Your output should be exactly the lines from the one containing "Apple Records advertisement" through the last line of the listing, and nothing else. Pictures stay out.

EXCERPTED DATA
- Opening Delimiter -

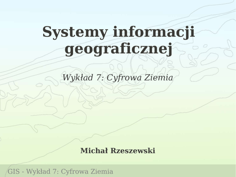 Systemy informacji geograficznej Wykład 7: Cyfrowa Ziemia Michał Rzeszewski GIS - Wykład 7: Cyfrowa Ziemia Od Wielkich Odkryć do Cyfrowej Ziemi Henryk Żeglarz Al Gore źródło: http://wikipedia.pl GIS - Wykład 7: Cyfrowa Ziemia Cyfrowa Ziemia - Digital Earth ● ● Gore, A., 1992: Earth in the balance: Ecology and the human spirit. Boston, Houghton Mifflin Gore, A., 1998: Digital Earth-Understanding our planet in the 21st Century. Referat wygłoszony 31 stycznia 1998 w California Science Center GIS - Wykład 7: Cyfrowa Ziemia Koncepcja Cyfrowej Ziemi (DE) ● ● Postęp technologiczny umożliwia gromadzenie i przechowywanie ogromnej ilości danych; Zgromadzona wiedza jest i pozostaje niewykorzystana; GIS - Wykład 7: Cyfrowa Ziemia zbyt obszerna LANDSAT ● Program LANDSAT – zdjęcia w rozdzielczości przestrzennej 60-15m – rozdzielczość czasowa 16 dni – co 16 dni, od 1984 roku powstaje niemal pełny obraz powierzchni Ziemi w kilku kanałach spektralnych GIS - Wykład 7: Cyfrowa Ziemia Jezioro Carnegie, Australia, Landsat 7 źródło: http://earthobservatory.nasa.gov Koncepcja Cyfrowej Ziemi (DE) ● ● ● ● Postęp technologiczny umożliwia gromadzenie i przechowywanie ogromnej ilości danych; Zgromadzona wiedza jest i pozostaje niewykorzystana; zbyt obszerna Cyfrowa Ziemia (Digital Earth) - jako sposób powiązania i wizualizacji wszystkich informacji w sposób naturalny dla ludzkiego sposobu postrzegania; Realizacja może nastąpić wyłącznie jako inicjatywa oddolna, społeczna (grassroots) GIS - Wykład 7: Cyfrowa Ziemia Cyfrowa Ziemia ● Brak jednoznacznej definicji ● Definicja robocza: Cyfrowa Ziemia - wirtualna reprezentacja planety, pozwalająca na jej zdalną eksplorację oraz interakcję z całym zasobem opisujących ją danych GIS - Wykład 7: Cyfrowa Ziemia Cyfrowa Ziemia - technologie ● ● Dostępne „od ręki” : – Informatyka: moce obliczeniowe i możliwość magazynowania danych; – Obrazowanie: wysokorozdzielcze techniki teledetekcji; – Komunikacja: szerokopasmowy dostęp do internetu. Optymistyczna przyszłość: – Interoperacyjność: dane niezależne od miejsca, systemu i oprogramowania; – Metadane: pełny opis pochodzenia i rodzaju. GIS - Wykład 7: Cyfrowa Ziemia Cyfrowa Ziemia - potencjalne aplikacje ● ● ● ● ● Wirtualna dyplomacja - mniej abstrakcyjne granice, geopolityka Przestępczość - terytoria wpływów, świadomość społeczna Bioróżnorodność - kompilacja i wizualizacja danych Zmiany klimatu - aspekt globalny obserwowanych procesów i zjawisk Rolnictwo precyzyjne - dostęp do informacji przestrzennej GIS - Wykład 7: Cyfrowa Ziemia Cyfrowa Ziemia - potencjalne aplikacje ● ● ● ● ● Wirtualna dyplomacja - mniej abstrakcyjne granice, geopolityka Przestępczość - terytoria wpływów, świadomość społeczna Bioróżnorodność - kompilacja i wizualizacja danych Zmiany klimatu - aspekt globalny obserwowanych procesów i zjawisk Rolnictwo precyzyjne - dostęp do informacji przestrzennej GIS - Wykład 7: Cyfrowa Ziemia Cyfrowa Ziemia - mapy przestępczości GIS - Wykład 7: Cyfrowa Ziemia Cyfrowa Ziemia - potencjalne aplikacje ● ● ● ● ● Wirtualna dyplomacja - mniej abstrakcyjne granice, geopolityka Przestępczość - terytoria wpływów, świadomość społeczna Bioróżnorodność i ochrona środowiska kompilacja i wizualizacja danych Zmiany klimatu - aspekt globalny obserwowanych procesów i zjawisk Rolnictwo precyzyjne - dostęp do informacji przestrzennej GIS - Wykład 7: Cyfrowa Ziemia Cyfrowa Ziemia - monitoring katastrof GIS - Wykład 7: Cyfrowa Ziemia Cyfrowa Ziemia - potencjalne aplikacje ● ● ● ● ● Wirtualna dyplomacja - mniej abstrakcyjne granice, geopolityka Przestępczość - terytoria wpływów, świadomość społeczna Bioróżnorodność - kompilacja i wizualizacja danych Zmiany klimatu - aspekt globalny obserwowanych procesów i zjawisk Rolnictwo precyzyjne - dostęp do informacji przestrzennej GIS - Wykład 7: Cyfrowa Ziemia Cyfrowa Ziemia - potencjalne aplikacje ● ● ● ● ● Wirtualna dyplomacja - mniej abstrakcyjne granice, geopolityka Przestępczość - terytoria wpływów, świadomość społeczna Bioróżnorodność - kompilacja i wizualizacja danych Zmiany klimatu - aspekt globalny obserwowanych procesów i zjawisk Rolnictwo precyzyjne - dostęp do informacji przestrzennej GIS - Wykład 7: Cyfrowa Ziemia Organizacja i rozwój ● US Digital Earth Initiative (do 2001), póżniej: US Government’s Interagency Digital Earth Working Group (IDEW) Alexandria Digital Earth Prototype (ADEPT) - na rycinie obecnie działająca Alexandria Digital Library (ADL) GIS - Wykład 7: Cyfrowa Ziemia Organizacja i rozwój ● International Society for Digital Earth (ISDE) International Journal of Digital Earth GIS - Wykład 7: Cyfrowa Ziemia http://www.digitalearth-isde.org/ Istniejące komponenty ● Infrastruktury Danych Przestrzennych (SDI Spatial Data Infrastructures): zespół środków prawnych, organizacyjnych, ekonomicznych i technicznych, które powszechny dostęp do danych i usług geoinformacyjnych określonego obszaru, przyczyniają się do efektywnego geoinformacji dla zrównoważonego rozwoju tego obszaru, racjonalne gospodarowanie zasobami geoinformacyjnymi 2004) – istnieją od lat 90-tych – nacisk na interoperacyjność – otwarte technologie – w Europie: INSPIRE GIS - Wykład 7: Cyfrowa Ziemia zapewniają dotyczących stosowania umożliwiają (Gaździcki Istniejące komponenty ● Sieci geo-sensorów – istniejące lub nowo-tworzone sieci sensorów wzbogacone o możliwość sieciowej komunikacji, organizacji, zdalnego zarządzania i wymiany informacji z innymi systemami GIS - Wykład 7: Cyfrowa Ziemia Istniejące komponenty ● Sieci geo-sensorów – GEOSS (Global Earth Observation System of System) ma za zadanie łączyć istniejące systemy, zapewniając interoperacyjność i otwartość GIS - Wykład 7: Cyfrowa Ziemia Istniejące komponent
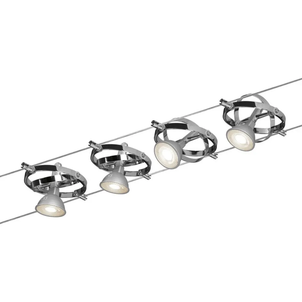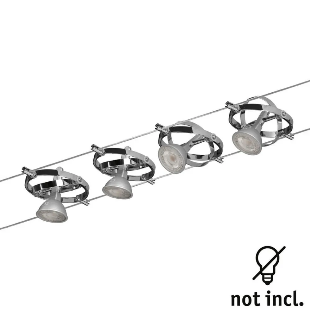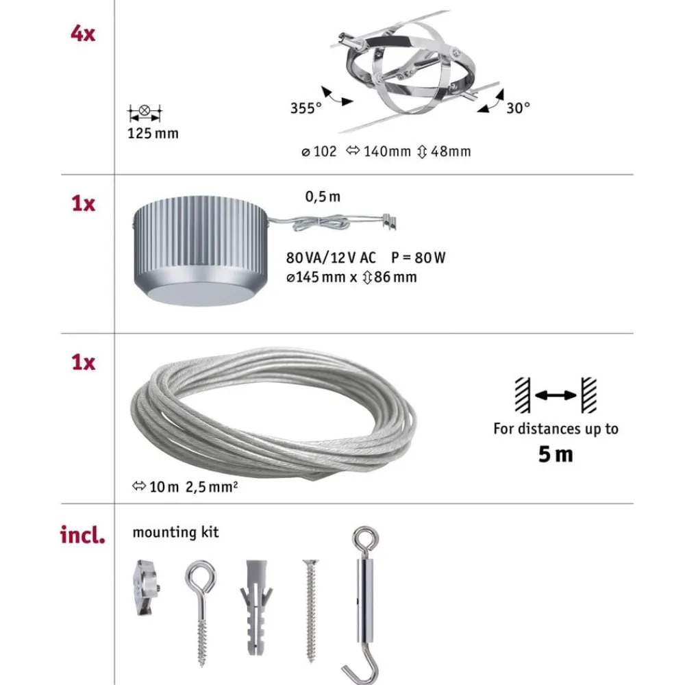 Fire vaiersystem Cardan leveres klar for tilkobling med transformator, kabel og fire lys. Pærene i de fire soklene er hver omgitt av to smale metallringer, hvorved den horisontale ringen kan svinges 30° og den vertikale ringen 355°. Monteringsmaterialet, som vaiersystem med både i tak og på vegg, er inkludert i leveringsomfanget, lamper (GU 5,3 maks. 10 W) er ikke inkludert.
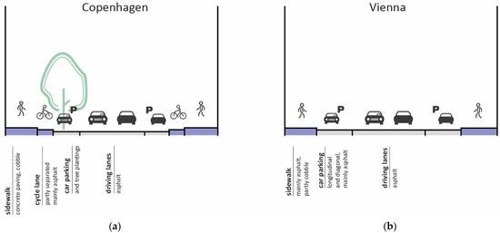 Structural differences between cities are shown by average layouts, calculated from 10 streets in each city. (a) While Copenhagen provides continuous bicycle infrastructure as well as trees in more than half of the streets investigated, (b) Vienna is dominated by cars.
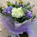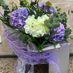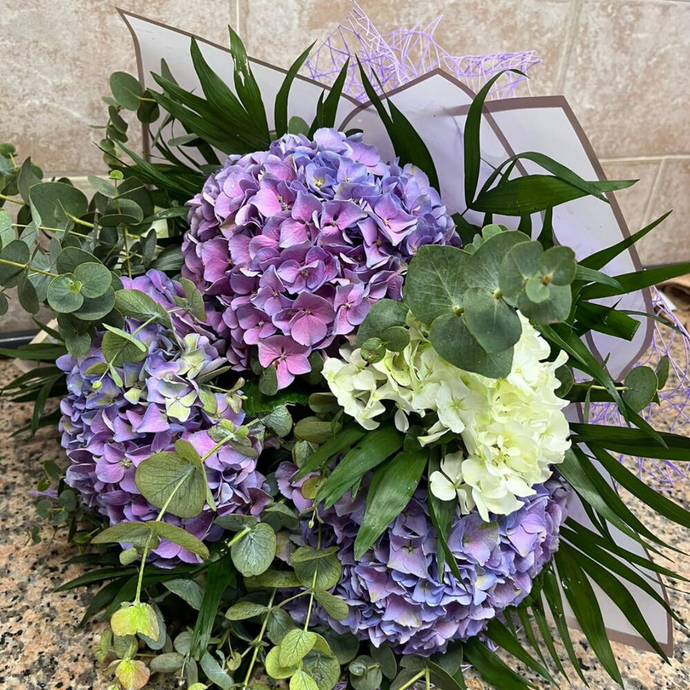 Moderno y romántico ramo de hortensias de colores a elección del cliente y según stock. Decorado con papeles decorativos. Incluye tarjeta de dedicatoria
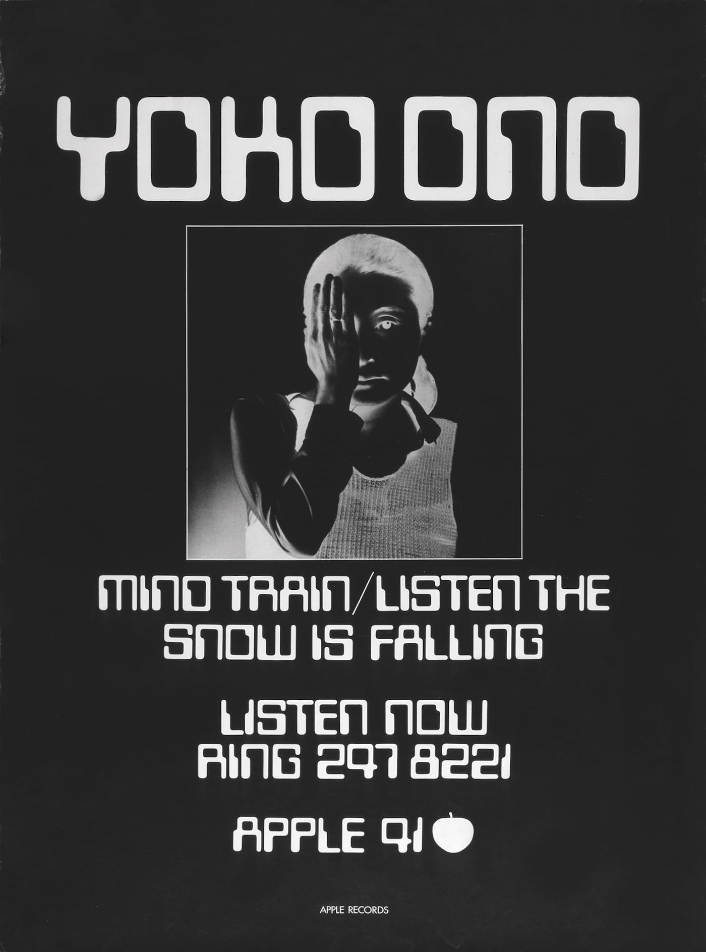 Apple Records advertisement for Yoko Ono’s single, “Mindtrain,” from the album “Fly,” 1971 (photo in poster by Iain Macmillian; photo of poster courtesy of Yoko Ono)
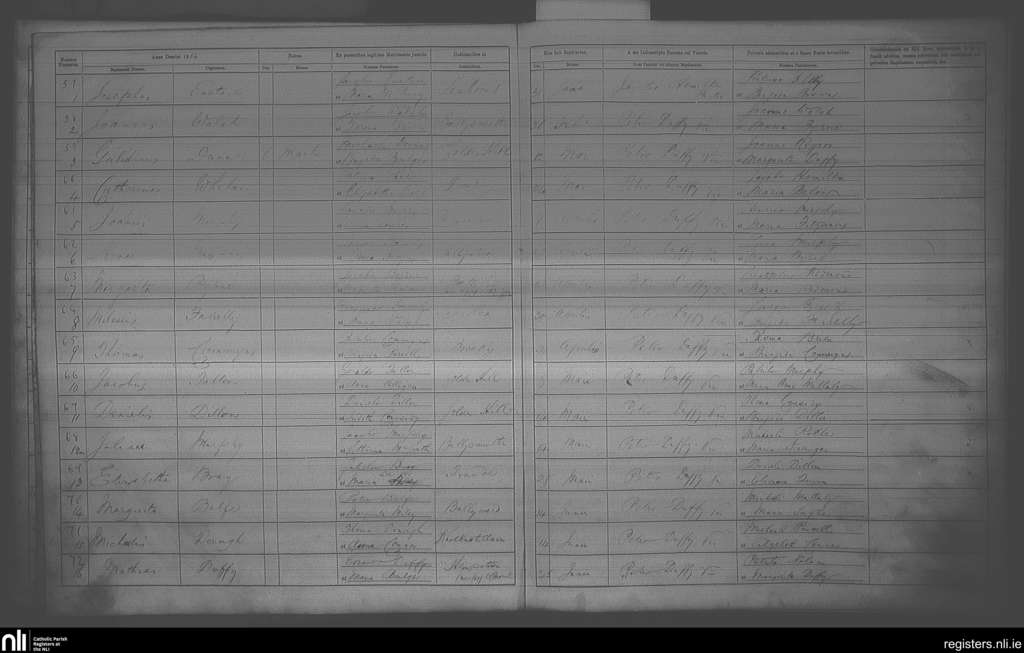 Blessington; County of Kildare, Wicklow; Archdiocese of Dublin. Baptisms, Jan. 1854 to June 1854

- Closing Delimiter -

TASK RESPONSE
 Apple Records advertisement for Yoko Ono’s single, “Mindtrain,” from the album “Fly,” 1971 (photo in poster by Iain Macmillian; photo of poster courtesy of Yoko Ono)
 Blessington; County of Kildare, Wicklow; Archdiocese of Dublin. Baptisms, Jan. 1854 to June 1854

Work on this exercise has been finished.